Hempel, Casper1; Hoyer, Nils2; Kildemoes, Anna M. O.3; Jendresen, Charlotte Bille4; Kurtzhals, Jørgen Anders Lindholm1
1 Klinisk Mikrobiologisk Afdeling, Diagnostisk Center, Rigshospitalet, The Capital Region of Denmark2 Bachelor- og kandidatuddannelser3 Institut for International Sundhed, Immunologi og Mikrobiologi4 CMP
The pathogenesis of cerebral malaria (CM) includes compromised microvascular perfusion, increased inflammation, cytoadhesion, and endothelial activation. These events cause blood-brain barrier disruption and neuropathology and associations with the vascular endothelial growth factor (VEGF) signaling pathway have been shown. We studied this pathway in mice infected with Plasmodium berghei ANKA causing murine CM with or without the use of erythropoietin (EPO) as adjunct therapy. ELISA and western blotting was used for quantification of VEGF and relevant proteins in brain and plasma. CM increased levels of VEGF in brain and plasma and decreased plasma levels of soluble VEGF receptor 2. EPO treatment normalized VEGF receptor 2 levels and reduced brain VEGF levels. Hypoxia-inducible factor (HIF)-1α was significantly upregulated whereas cerebral HIF-2α and EPO levels remained unchanged.
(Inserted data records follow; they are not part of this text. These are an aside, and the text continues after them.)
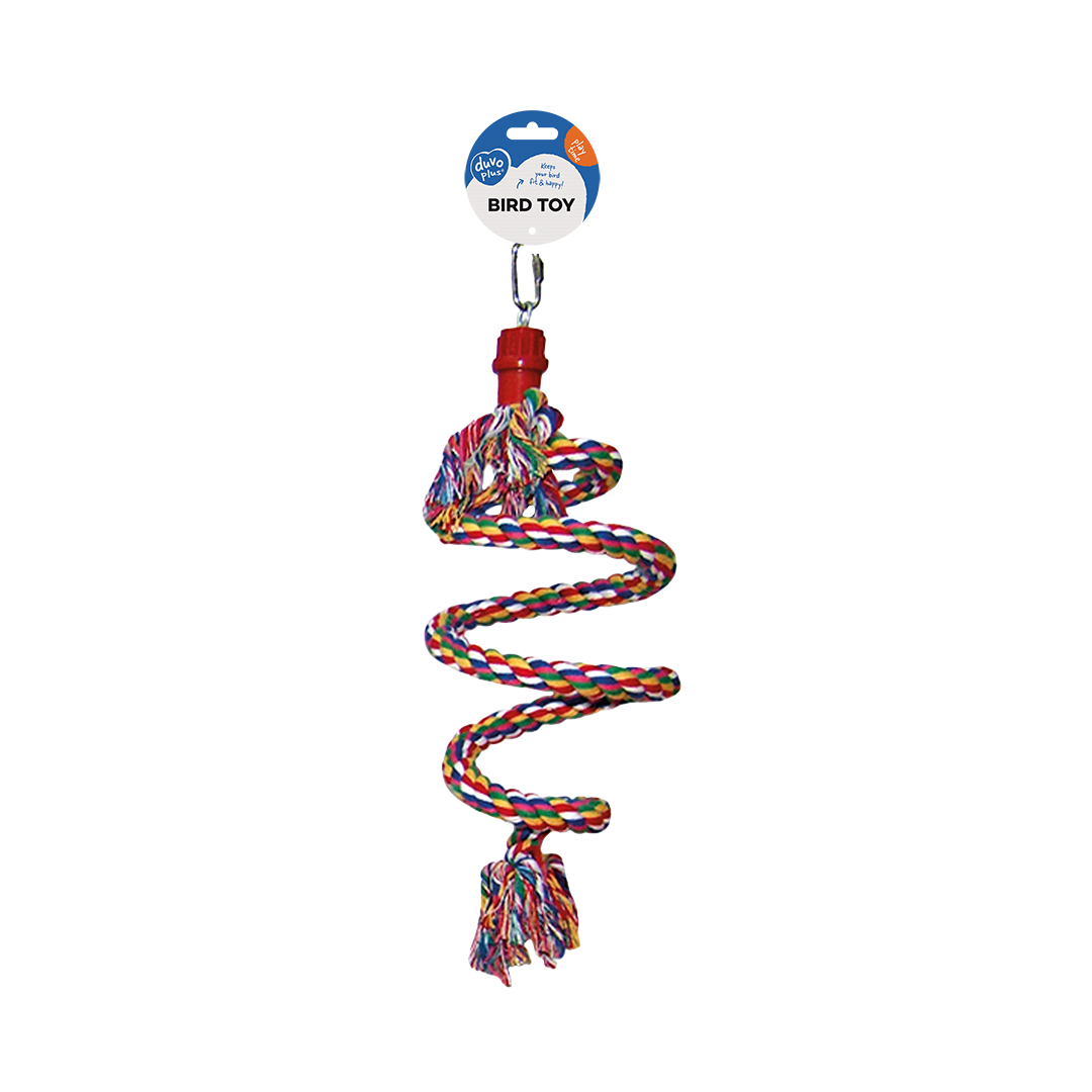 Vogels vinden kleurrijke speeltjes echt leuk. Een katoenknoop met leuke leder lintjes, houten blokjes of belletjes is heerlijk om aan te knabbelen. Ze schommelen er ook erg graag op. Het houdt je vogels actief en je bevestigt het eenvoudig in iedere volière.
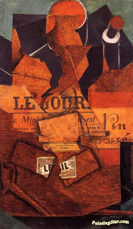 Tobacco, Newspaper And Bottle Of Wine, Art Painting by Juan Gris
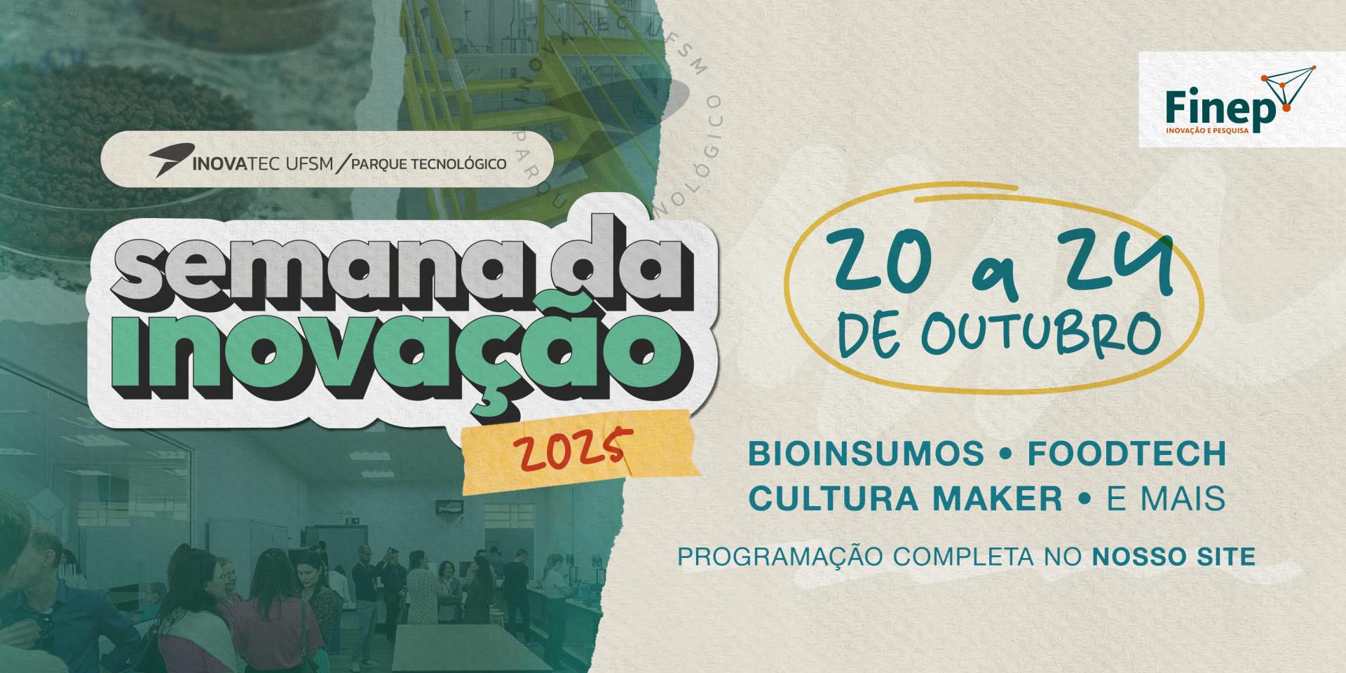 Na próxima semana, de terça (21) a sexta-feira (24), acontece a segunda edição da Semana da Inovação, realizada pelo InovaTec UFSM Parque Tecnológico. Neste ano, o evento será uma verdadeira jornada de imersão para mostrar como as grandes ideias nascem e se transformam em soluções reais na UFSM.

Furthermore, we noticed increased caspase-3 and calpain activity in terminally ill mice, as measured by protease-specific cleavage of α-spectrin and p35. In conclusion, we detected increased cerebral and systemic VEGF as well as HIF-1α, which in the brain were reduced to normal in EPO-treated mice. Also caspase and calpain activity was reduced markedly in EPO-treated mice.